» Material for this task

+ + + + +

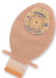
TRANS/OVERLAP PAEDIATRIC BAG
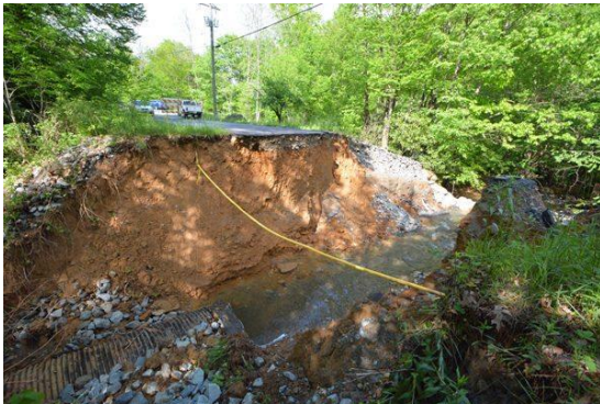
May 18, 2018 – Adams Apple Drive, a private roadway, collapsed leaving 25 homeowners with no access to their property.

The High Country Hazard Mitigation Plan is an extensive regional plan that identifies and profiles a number of natural and human-caused hazards in the area that threaten public health and safety. Natural hazards such as floods, landslides, winter storms, severe thunderstorms, and wildfires have the potential to damage or destroy public and private property, disrupt the economy, and impact quality of life. The region is also susceptible to human-caused hazards, including chemical releases and hazardous material spills. Though we cannot eliminate all hazards, we can lessen the potential impact upon our community and our citizens. By minimizing the impact of multiple hazards upon our built environment, we can prevent such events from resulting in complete disasters. The Hazard Mitigation Plan provides an assessment of community vulnerability to all hazards and recommends mitigation tools and strategies to help prioritize mitigation actions which present the greatest risk to lives and property.
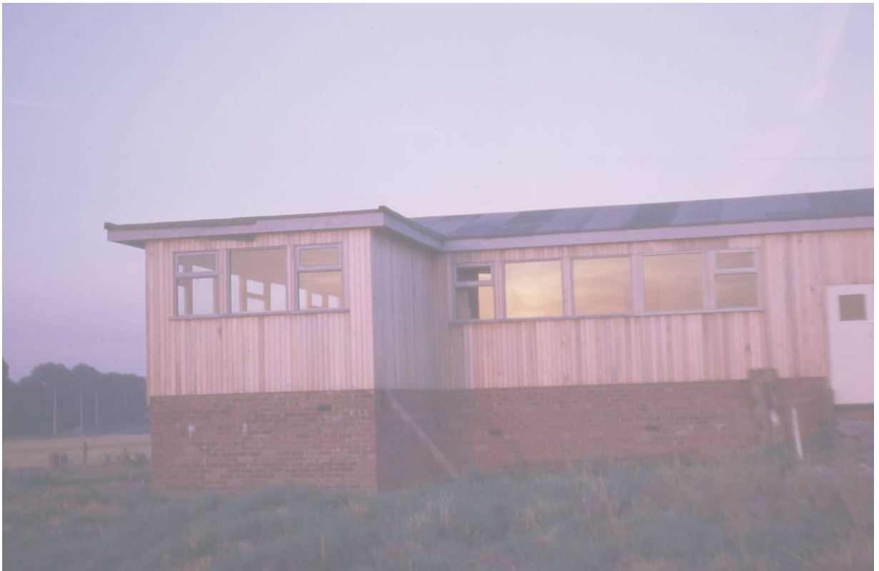
Clubhouse 1 Phase 2 extension completed in 1971
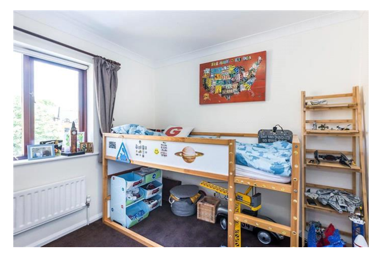
FOWEY CLOSE, WAPPING, E1W £2,500 PCM
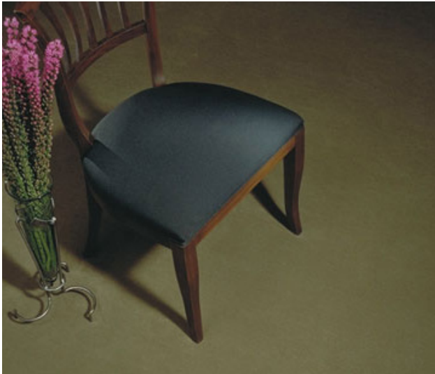
Preview II 30

+ + + + +

Render all entries verbatim, excluding any pictures they hold.

TRANS/OVERLAP PAEDIATRIC BAG
May 18, 2018 – Adams Apple Drive, a private roadway, collapsed leaving 25 homeowners with no access to their property.

The High Country Hazard Mitigation Plan is an extensive regional plan that identifies and profiles a number of natural and human-caused hazards in the area that threaten public health and safety. Natural hazards such as floods, landslides, winter storms, severe thunderstorms, and wildfires have the potential to damage or destroy public and private property, disrupt the economy, and impact quality of life. The region is also susceptible to human-caused hazards, including chemical releases and hazardous material spills. Though we cannot eliminate all hazards, we can lessen the potential impact upon our community and our citizens. By minimizing the impact of multiple hazards upon our built environment, we can prevent such events from resulting in complete disasters. The Hazard Mitigation Plan provides an assessment of community vulnerability to all hazards and recommends mitigation tools and strategies to help prioritize mitigation actions which present the greatest risk to lives and property.
Clubhouse 1 Phase 2 extension completed in 1971
FOWEY CLOSE, WAPPING, E1W £2,500 PCM
Preview II 30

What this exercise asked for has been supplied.